Le projet de loi présenté par Nadine Morano sur l’autorité parentale et le statut des tiers a déclenché une nouvelle levée de boucliers chez les défenseurs de la famille traditionnelle, notamment dans certains courants catholiques traditionalistes et à l’UMP (Jean Marc Nesme et son Entente parlementaire pour la défense du droit de l’enfant à vivre, d’être accueilli et de s’épanouir dans une famille composée d’un père et d’une mère). Comme lors des débats sur le Pacs, le spectre d’un «lobby gay», non identifié mais manifestement très présent dans les institutions politiques, médiatiques et culturelles a resurgi dans les discours. Un lobby qui défendrait ses intérêts propres et menacerait ainsi l’intérêt général… Qu’il existe des associations et des personnalités engagées dans la défense des droits des minorités gays et lesbiennes, c’est indiscutable. Mais en France, l’usage du terme lobby est particulièrement péjoratif, laissant soupçonner une structuration et des méthodes occultes, quand ailleurs en Europe et dans le monde, l’existence des lobbys ne déchaine aucune passion et fait partie intégrante de la vie politique. Pourquoi donc une telle suspicion, en France, à l’égard de ces lobbys qui ne sont en général pas autre chose que des groupes de pression ? Parmi de nombreuses explications, il y a l’histoire du nationalisme français, avec Charles Maurras (dirigeant historique de l’Action française) et la thèse des quatre états confédérés – juifs, métèques, protestants et francs maçons – qui auraient comploté contre la France.
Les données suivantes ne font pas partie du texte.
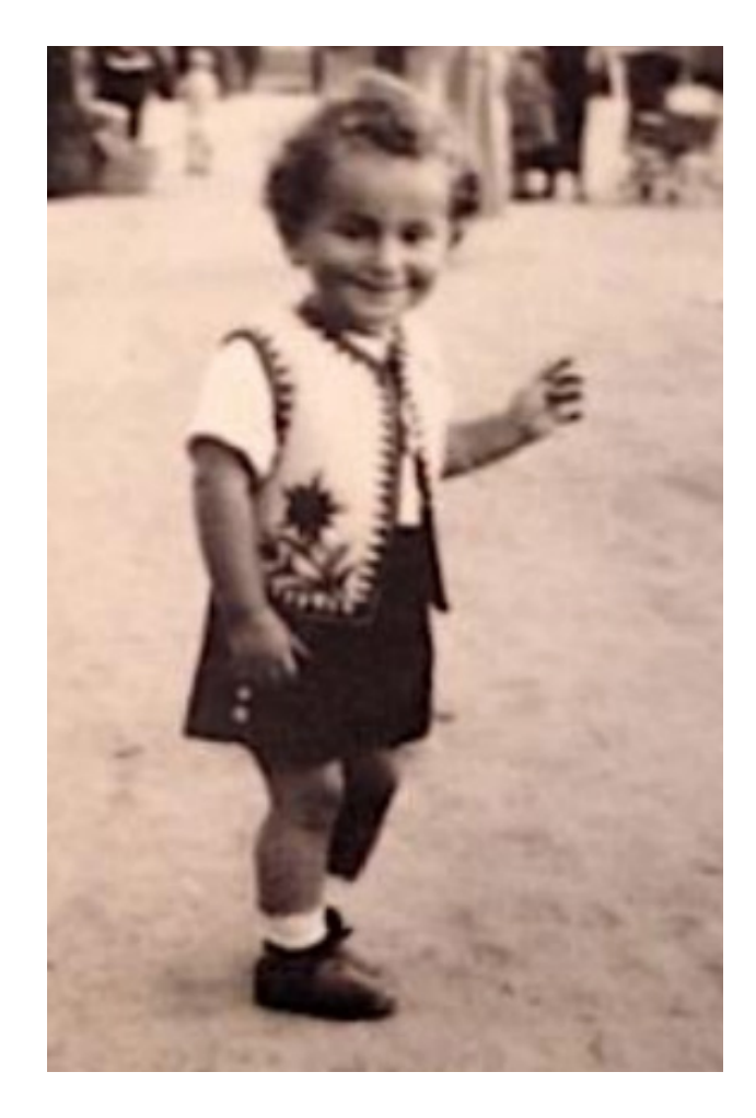
As a child in Cracow.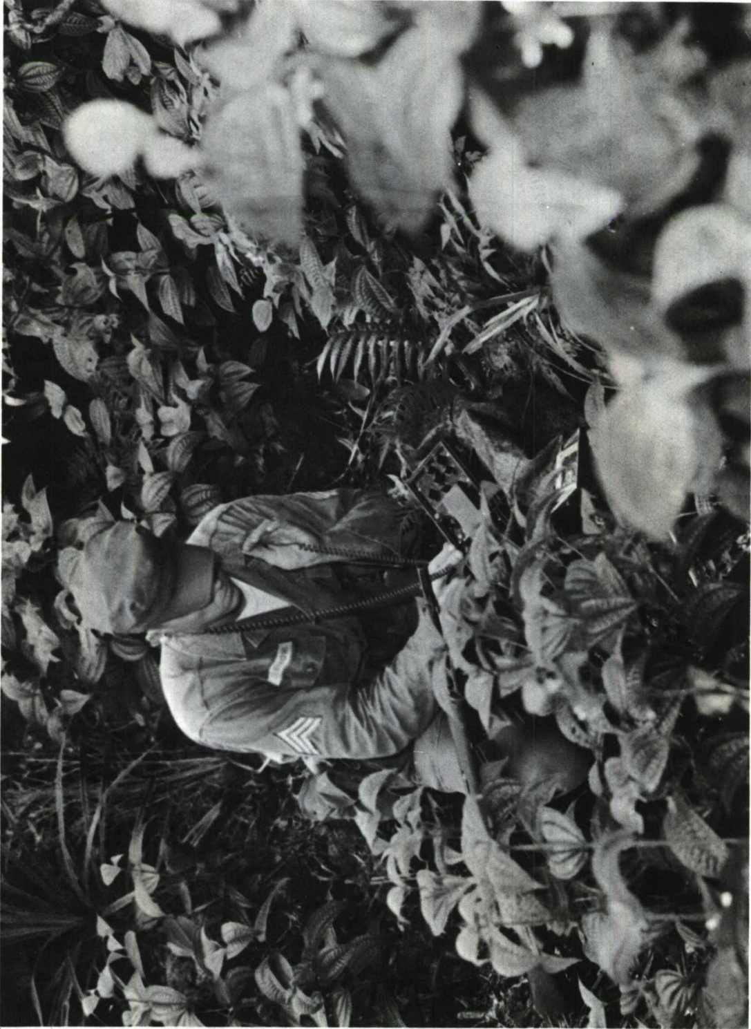
Frontispiece AN/PRC-64 Radio being used in the jungle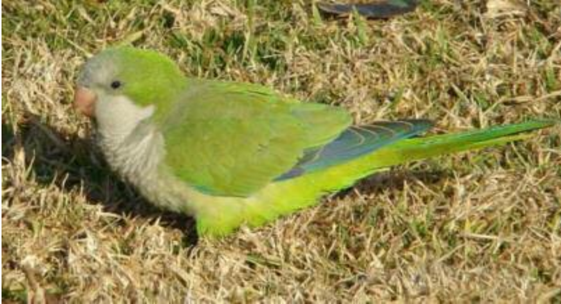
Monk Parakeet Myiopsitta monachus

3 breeding pairs, 40 birds in Herts. (2004)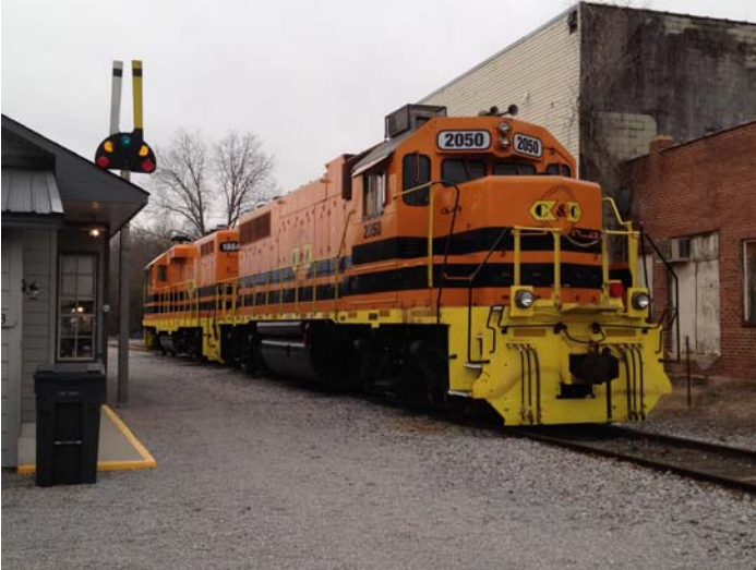
Great classic lines here on this EMD GP38 at LaFayette, GA, December 2011. In Georgia the accent falls on "Fay" in LaFayette.

Il y a aussi l’universalisme, ce fondement de la vie politique française, à l’aune duquel tout mouvement catégoriel paraît suspect. Dans les deux associations LGBT affiliées à des partis politiques (Homosexualité et socialisme et Gaylib), on se défend ainsi de demander des droits spécifiques mais on affirme porter un projet de société.

Épouvantail

Laurent Chambon est élu du parti travailliste à Amsterdam et chercheur en sciences politiques à Poitiers. Pour lui, il n’y a pas de lobby gay en France au sens où les groupes existants ne sont pas organisés comme peuvent l’être leurs homologues aux Pays-Bas par exemple. Une des clés de compréhension de cette différence, c’est l’affiliation des groupes de pression français à des partis ; pour Laurent Chambon, un lobby doit aller voir chaque parti, pourquoi pas même jusqu’à l’extrême droite. C’est de cette façon, d’après lui, que les mouvements LGBT néerlandais auraient obtenu de façon très transparente l’ouverture du mariage. Il avance aussi une explication plus anthropologique ; la tradition protestante qui domine en Allemagne ou aux Pays-Bas inviterait à montrer alors que la tradition latine et catholique pousserait à cacher. Ceci expliquerait également la faible visibilité des gays et lesbiennes en politique, où un homosexuel avéré aura tendance à éluder encore plus la question des droits LGBT par crainte d’être accusé de communautarisme. Ainsi, l’UMP Roger Karoutchi qui a fait un coming out retentissant, refuse de s’exprimer sur les questions du mariage et de l’adoption pour les homosexuels affirmant qu’il n’est pas un «militant communautariste» et que sa «seule communauté, c’est la France». Autant de raisons qui expliquent, que, paradoxalement, la lutte pour les droits des personnes LGBT reste l’apanage d’associations… LGBT. La stigmatisation de ces mouvements, regroupés sous l’étiquette repoussoir de «lobby gay» procède, toujours selon Laurent Chambon, d’une logique de domination. Ainsi, un lobby puissant et intégré, comme le mouvement paysan, ne sera pas désigné comme tel, tout juste parlera-t-on de corporatisme ; «dès qu’il s’agit d’une minorité dominée, on agite l’épouvantail du complot juif, musulman ou homosexuel». À la maurassienne.